My aspiration: design a custom personality for my assistant and clone a unique voice with ElevenLabs. Combined with a custom wake word, it becomes a truly personal assistant rather than a generic one.
Running It
# Install uv sync # Download wake word models uv run python -c "from openwakeword import utils; utils.download_models()" # Configure echo "OPENAI_API_KEY=your-key" > .env # Run uv run assistant
The assistant starts listening for "Hey Jarvis." Speak a command, and it responds through your speakers.
# Alternative modes uv run assistant --repl # Text mode (no audio) uv run assistant "weather Tokyo" # One-shot query
Going Fully Local
Want zero cloud dependency? Every component has a local alternative:
| Component | Cloud | Local Alternative |
|---|---|---|
| Wake Word | - | openWakeWord (already local) |
| STT | Whisper API | faster-whisper, whisper.cpp, Vosk |
| LLM | GPT-4o | Ollama + Llama 3.2 |
| TTS | OpenAI TTS | Piper |
With faster-whisper for transcription, Ollama running Llama 3.2 for the brain, and Piper for speech, everything stays on your machine. Responses are slightly slower, but privacy is absolute. No data leaves your network.
Why This Beats Commercial Assistants
| Alexa/Google | DIY Assistant | |
|---|---|---|
| Wake word runs locally | Claimed | Verified |
| Audio sent to cloud | Always | Only after wake word |
| Choose your LLM | No | Yes |
| Add custom tools | Complex skills | Python function |
| Runs offline | Limited | Full (with local stack) |
| Data collection | Extensive | None |
| Cost | Device + privacy | API costs (~$0.01/query) |
The Mac Mini setup has another benefit: it's already my remote development server. When I'm coding from my laptop at a coffee shop, I SSH into it for heavy AI workloads. The voice assistant becomes just another daemon running in the background.
What I'm Testing
Working well:
- "Hey Jarvis, what's the weather?"
- "Hey Jarvis, play some jazz" (Spotify control)
- "Hey Jarvis, what's in the news?"
- "Hey Jarvis, search for Python 3.13 release notes"
- "Hey Jarvis, set volume to 40"
- "Hey Jarvis, what did I ask you about yesterday?" (history lookup)
On the roadmap:
- Home Assistant integration for lights and thermostat
- Calendar queries
- Timer and reminder management
- Omnidirectional mic and speaker hardware
- Custom wake word and personality
- Custom voice via ElevenLabs
The Privacy Difference
Commercial assistants optimize for data collection. Their business model depends on knowing everything about you. That's why they're "free" (after buying the device). And now Amazon wants $20/month for Alexa Plus on top of that.
This system optimizes for functionality. It only processes what you explicitly ask, only when you trigger it, and you control where the data goes.
No subscription nagging. No upsells. Just a voice assistant that does what you ask.
Getting Started
If you want to build your own, here are the key libraries:
Core dependencies:
- openWakeWord - Local wake word detection
- sounddevice - Audio capture
- webrtcvad - Voice activity detection
- openai - Whisper, GPT, and TTS APIs
- pydantic - Tool definitions
For fully local:
- faster-whisper - Local transcription
- ollama - Local LLMs
- piper - Local TTS
The architecture is straightforward: wake word detection loops until triggered, then record until silence, transcribe, send to LLM with tools, speak the response. Each piece is independent and swappable.

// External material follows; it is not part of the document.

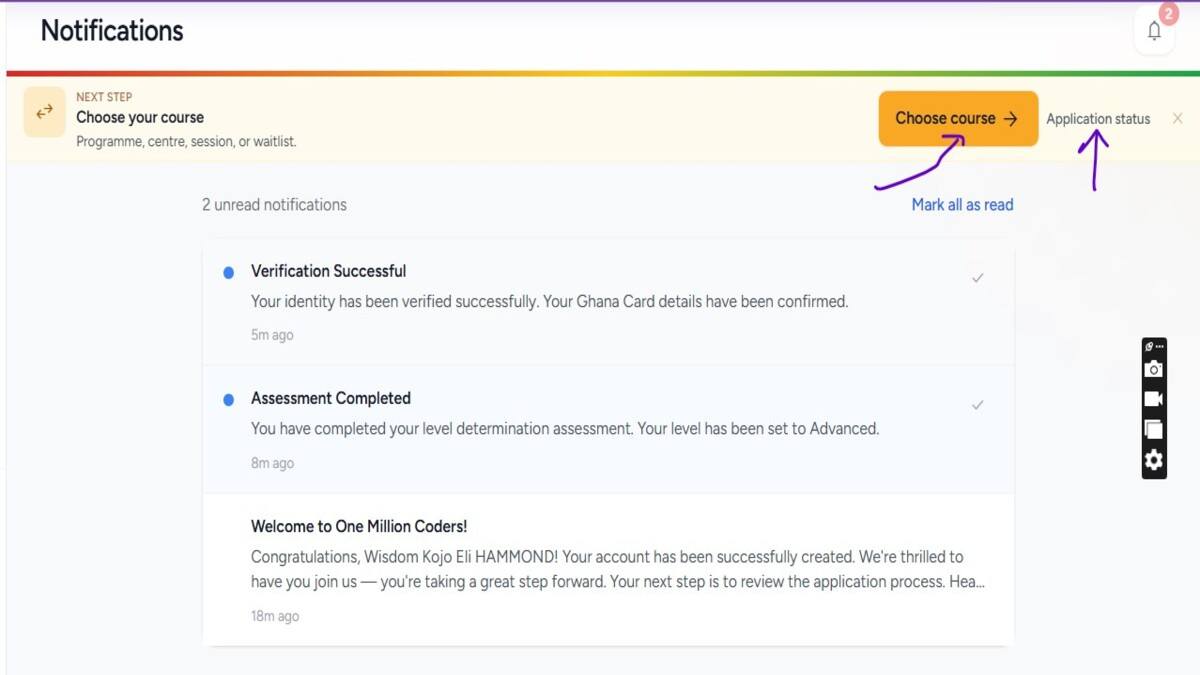 Visit the official portal at app.onemillioncoders.gov.gh and provide your legal name, active email address, and phone number.

The Pydantic tool pattern is the standout feature. Once you understand it, adding any capability becomes trivial. Weather, lights, music, calendars, home automation... all just a model and a handler function.
I'll share more as the hardware arrives and the system matures. For now, the core is solid and the Alexa can stay unplugged.
No more subscription pitches. Just answers.